Agonies in their gardens
April 11, 2006 | 12:00am
As we noted in some detail in our last column, the Supreme Court majority in the case of Santiago vs. Comelec was trimmed from eight in the original decision to six in the resolution of a motion for reconsideration. A member of that majority joined the five dissenters in the MR. The Justices who inhibited themselves from the case rose from one to two. One Justice maintained in both the main decision and the resolution of the MR that the case was not ripe for judicial determination.
Now that Sigaw ng Bayan and the Union of Local Authorities of the Philippines are poised to file a formal petition before the Commission on Elections proposing a shift to a unicameral parliamentary system, the stage could be set for that long awaited review of Santiago by the Supreme Court.
Weve been highlighting some of the analyses proffered by both the majority and the dissenters in both the original decision of Santiago and the motion for reconsideration which, as weve noted, was denied "with finality." But while the majority decision is the law in our jurisprudence, newly-appointed Supreme Court Justice Presbiterio Velasco stated the obvious when he said that decisions of the Court are always subject to review.
In general, judicial precedents are followed when the same legal point comes up again in subsequent litigation. But the rule of stare decisis is not cast in stone. This is especially true when the Supreme Court is sharply divided on a particular ruling, as it clearly was in Santiago vs. Comelec.
The Justice who changed his colors, like an honestly agonized chameleon, was Regino Hermosisima Jr. Although he counted himself among the majority in the original decision, he said in his separate opinion on the MR that he subsequently saw that there was "an equally compelling and valid rationale" to support the interpretation that R.A. No. 6735 was a substantial compliance by Congress with its constitutional duty to provide for the implementation of peoples initiative.
Upon a re-reading of the law, Justice Hermosisima now saw in it "the necessary minimum standards," the "basic and indispensable whos, whats, wheres, whens and whys in the matter of a peoples initiative to amend the Constitution." The law, he added, didnt have to "contain every conceivable detail." Thus, he voted to declare R.A. No. 6735 as adequately providing the legal basis for a peoples initiative.

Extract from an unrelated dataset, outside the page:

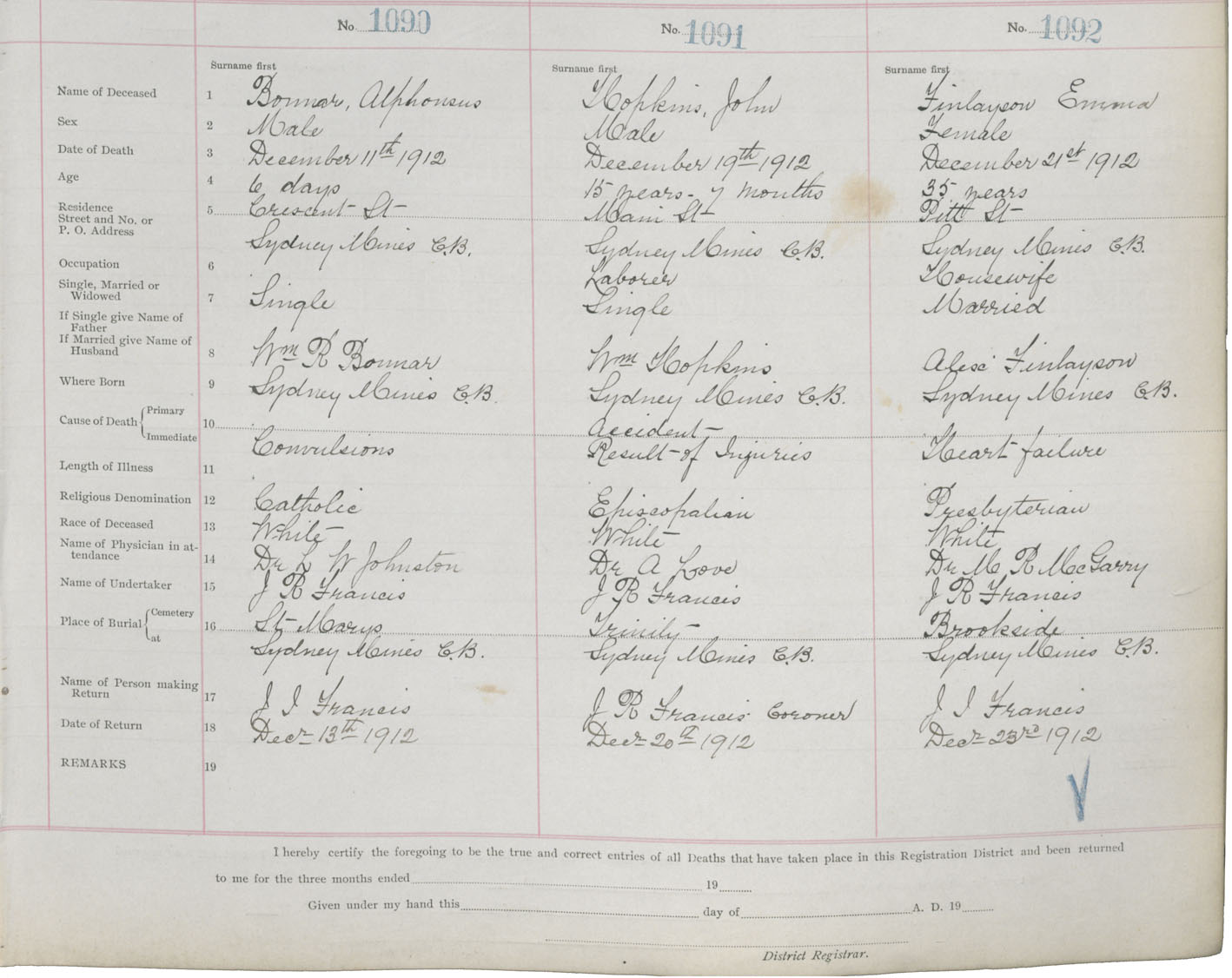 Death Registration: Year: 1912 book: 22 page: 182 number: 1090

There was this parting remark which the good Justice says he added "with extreme hesitation." While, he stressed, the "passionate call for the championing of the peoples right to control their political destiny demands a favorable response from this Court, it being the ultimate defender of the sovereignty of the people, this Court cannot be ultrapopulist as to indiscriminately stamp its imprimatur to each and every form of people power activism albeit wanting in legal underpinnings."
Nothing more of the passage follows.